2 Responses to “When Electrical Power is Lost to Half the Circuits”
  1. Bernadette Quinn says:

    Problem with Incorrect Voltage Readings

    I have little to no power from side A of the circuit box. I changed out the main switch. With no other circuits connected I am reading 240v grounded. Once I connect anything on side A I lose ground and not pulling full power. Side B is working perfectly. The electric company came out and checked their end and said everything is good.

    • Dave Rongey says:

      How to Locate a Faulty Circuit

      Hi Bernadette,
      If the panel has been tested and their is no indication of a faulty part or connection, then there may be a problem with a circuit, or equipment that is plugged in or connected to a circuit, most likely a 240v circuit that is connected on the B side of the panel. It may help to connect a circuit on the A side as before, and start removing circuits on the B side, one at a time, while monitoring the circuit on the A side.

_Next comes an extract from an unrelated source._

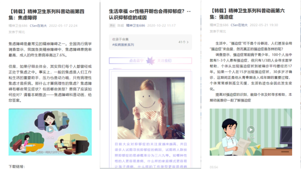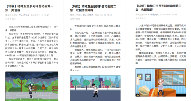 为加强同学们对心理健康知识的了解,在心理健康宣传月中,世界杯转载了“精神卫生系列科普动画”共计六集,转载分享了抑郁症成因和焦虑自助等科普文章。本系列科普视频和文章的传播,为心理健康宣传月塑造了良好的氛围。

      Another way to locate a faulty circuit or equipment is to disconnect or turn off all the circuits on the B side, and connect one circuit on the A side. Test the A circuit to make sure the reading is normal, then begin connecting one circuit at a time on the B side while monitoring the A circuit. Once the reading of the A circuit is not normal you will have identified the faulty circuit on the A side.